Perhaps part of the Fluval system is that fewer bubbles for smaller tanks makes for enough co2?


----------



## Stevenicoloconnor (Feb 21, 2011)

...CO2 at the start of the photo period ~23 ppm; adjusted bubble count to 50 bpm.
After finding a slew of claims that vouch for a Fluval 88g cannister lasting for 1 month at a rate of 60 bpm, we wrapped the threads on the new bottle with teflon tape; in two days, the pressure is holding steady ~900 psi. The last cannister dropped below 700 psi in 2 days.


----------



## Stevenicoloconnor (Feb 21, 2011)

...cannister gauge reads above 800 psi, and we raised the bubble-count to ~50bpm; pH 6.4, kh 3, CO2 ~36ppm

Teflon tape is the leak stopper?

After giving the 88 System a trial over these past few days, with a little tinkering while embracing the "art" side of the aquarium craft; the science side will remedy itself.


----------



## Stevenicoloconnor (Feb 21, 2011)

...three days now the Fluval canister has been holding steady at 800 psi, co2 levels in our small tank vary in the good zone (14-35 ppm), so the Fluval 88 isn't a bust like our first impression lead us to believe.


----------



## NatCh (Feb 23, 2011)

Thank you for the updates, Stevenicoloconnor, they're much appreciated. :smile:


----------



## Stevenicoloconnor (Feb 21, 2011)

NatCh ...it's Steve's treat to share this jive; thanks for readin' it.


----------



## NatCh (Feb 23, 2011)

Well, I confess that I wouldn't read it if I weren't interested.


----------



## Stevenicoloconnor (Feb 21, 2011)

*Re: still works*

...it must be the teflon tape seal: Fluval 88 still holding at~800psi


----------



## NatCh (Feb 23, 2011)

Teflon is your frieeeeeeend!


----------



## Stevenicoloconnor (Feb 21, 2011)

*one month review*

...after having this system for a month, we have since converted it to operate with refillabe paintball CO2 cannisters. The "touchy" regulator has certain tendencies when it comes to adjusting bubble-rate; so long as the rate is kept under 90 bpm, it can be set; however, with the unit we have, a bubble rate of more than 1.5 bps (90 bpm) can not be set. 
Further reason why this system is for small tanks.


----------



## Stevenicoloconnor (Feb 21, 2011)

*Diffuser*

...the diffuser that is included with the Fluval 88 kit is perfect for our small tank. It functions the same as a glass diffuser; a fine vapor of bubbles is released from a ceramic disk; instead of the disk being mounted in a glass apparatus, the Fluval unit fits in a rubber disk mounted inside wtih a suction cup; this is attached via CO2 tubing to the regulator.


----------



## Mini4x (Feb 3, 2004)

Just ordered for my 5.5.. should be good!


----------



## Stevenicoloconnor (Feb 21, 2011)

Stevenicoloconnor said:


> ...after having this system for a month, we have since converted it to operate with refilabe paintball CO2 canisters. The "touchy" regulator has certain tendencies when it comes to adjusting bubble-rate; so long as the rate is kept under 90 bpm, it can be set; however, with the unit we have, a bubble rate of more than 1.5 bps (90 bpm) can not be set.
> Further reason why this system is for small tanks.
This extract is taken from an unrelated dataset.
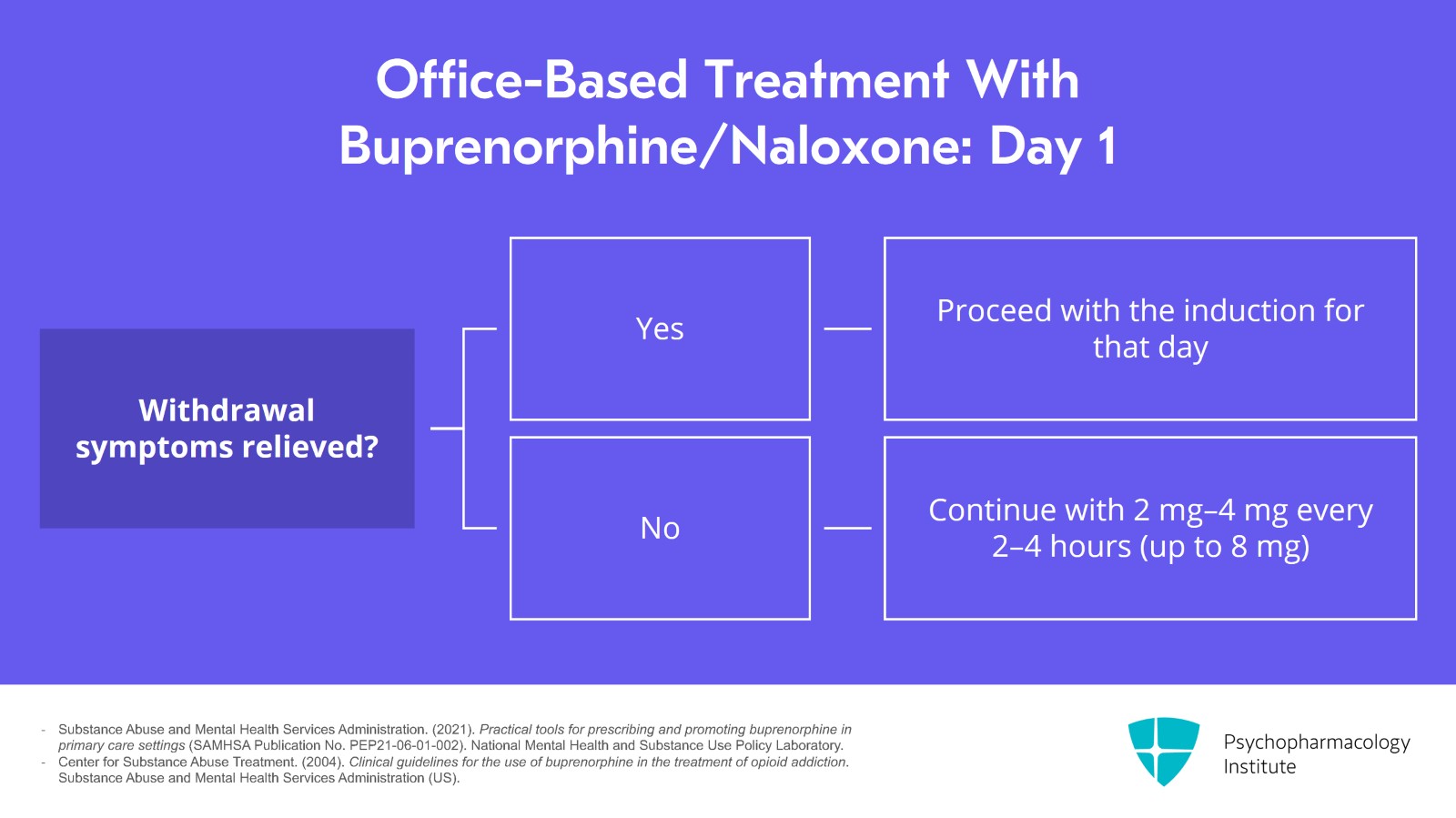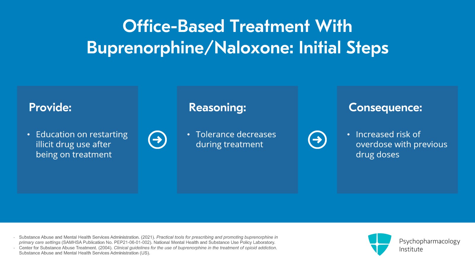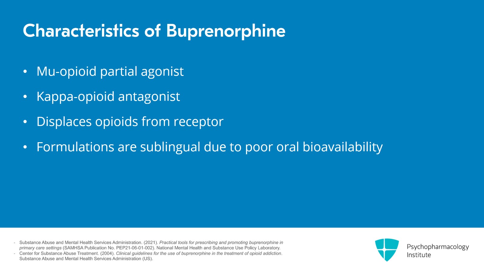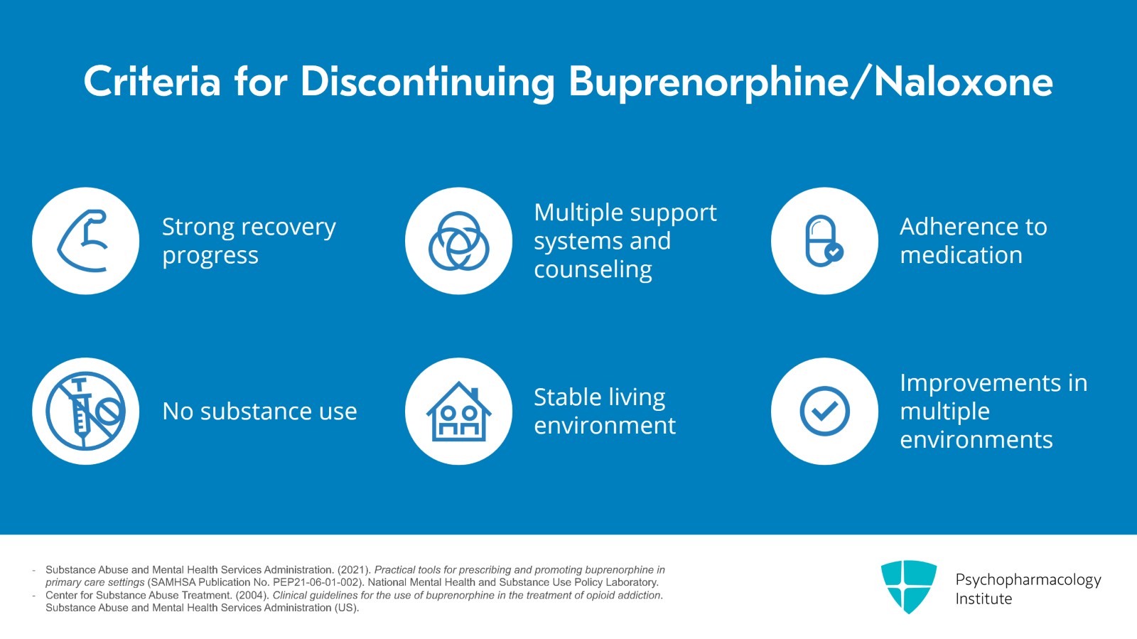 - Substance Abuse and Mental Health Services Administration. (2021). Practical tools for prescribing and promoting buprenorphine in primary care settings (SAMHSA Publication No. PEP21-06-01-002). National Mental Health and Substance Use Policy Laboratory.

...things have stabilized enough for a 20oz. CO2 paintball canister to provide adequate CO2 in our 29 gallon tank for 6 weeks.

To refill a 20oz. paintball canister: $4.95
An 88g. (~3.1oz) Fluval canister: $10

Fluval 88 is great for tiny tanks, and hacks like me.


----------



## Featherstone (Mar 9, 2014)

How did you convert the fluval 88g to take paintball cannisters? (Adapters/series of adapters?). I'm interested in starting co2 for the first time and this kit seems well priced compared to everything else (especially if you've figured out how to hack it to work with paintball canisters! ).


----------